Political corruption, economic exploitation, mass migration and urbanization, rapid technological advancements, and social unrest challenged the rhetoric of the United States as a just and equal society. Now groups of Americans throughout the country proposed to reform the country’s political, social, cultural, and economic institutions in ways that they believed would address fundamental problems that had produced the inequities of American society.

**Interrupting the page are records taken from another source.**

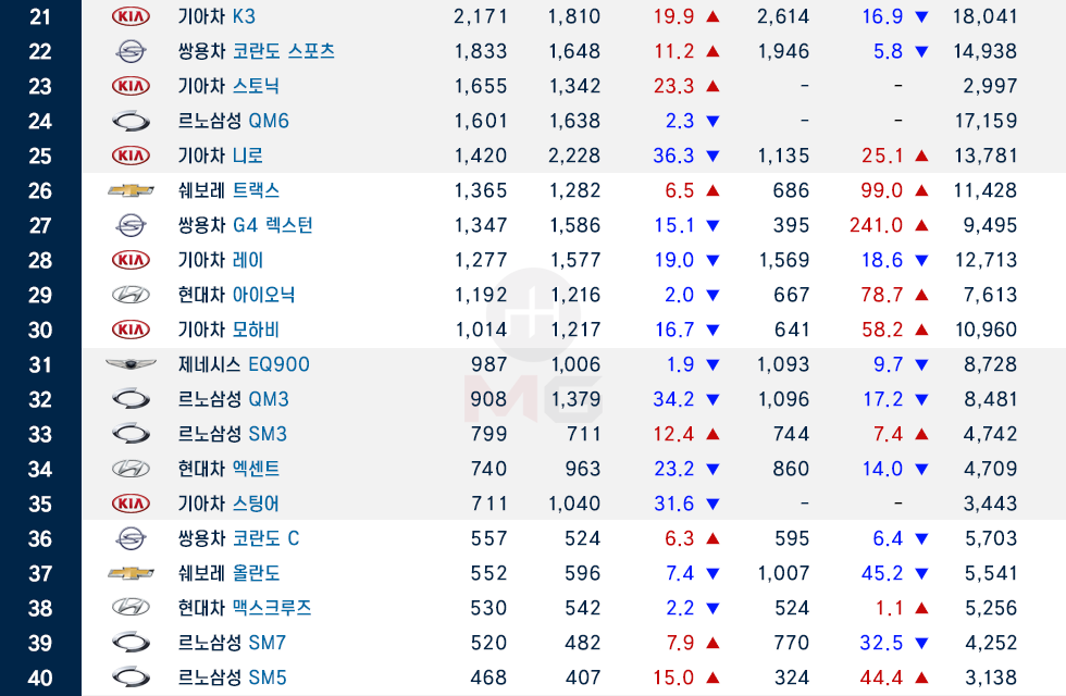 크루즈(429대)는 올해 출시된 신차임에도 불구하고, 판촉 프로모션이 줄어들자 판매가 반토막났다. 과거 베스트셀링 탑10의 단골이던 스파크(4034대)도 순위에서 밀려났다. 스파크는 지난달 무이자 할부와 현금 할인 등을 동시에 제공했지만, 실적이 제자리 수준에 머물렀다.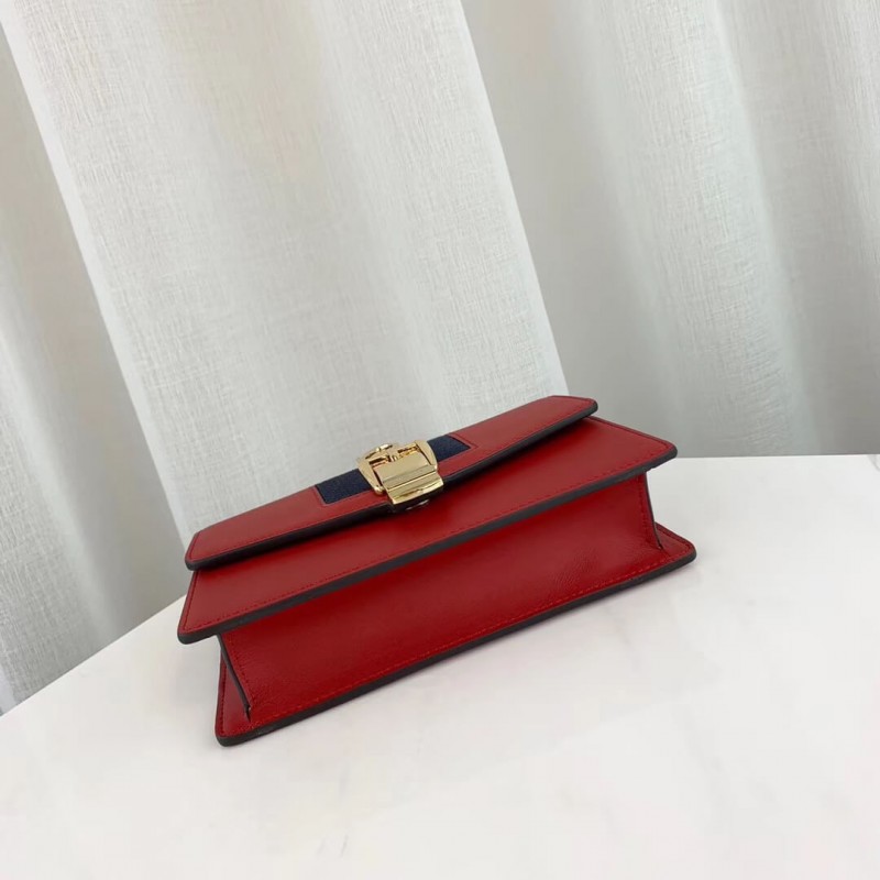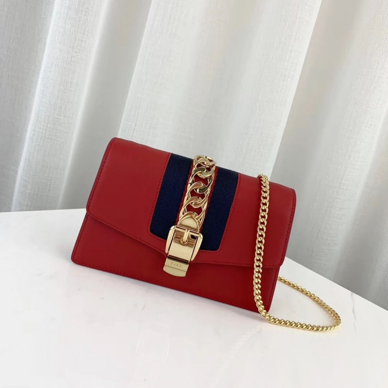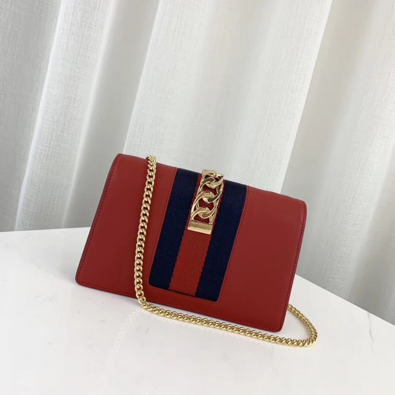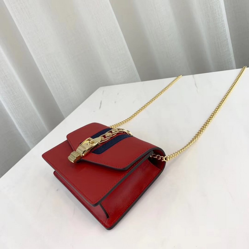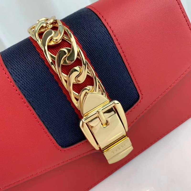 he Sylvie mini chain bag features the nylon Web embedded under the leather and decorated with a gold chain and buckle. The metal buckle closure was taken from the House’s archives. Made in our smooth, classic leather.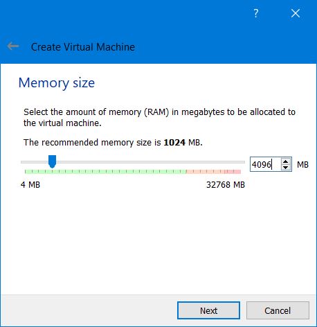 On the next screen, I selected the amount of RAM from my Windows laptop that the virtual machine will access, taking into account the recommended system requirements for Ubuntu Desktop.

Progressives did not seek to overturn capitalism. They sought to revitalize a democratic promise of justice and equality and to move the country into a modern Progressive future by eliminating or at least ameliorating capitalism’s worst excesses. They wanted to replace an individualistic, competitive society with a more cooperative, democratic one. They sought to bring a measure of social justice for all people, to eliminate political corruption, and to rebalance the relationship among business, labor, and consumers by introducing economic regulation.1 Progressives turned to government to achieve these objectives and laid the foundation for an increasingly powerful state.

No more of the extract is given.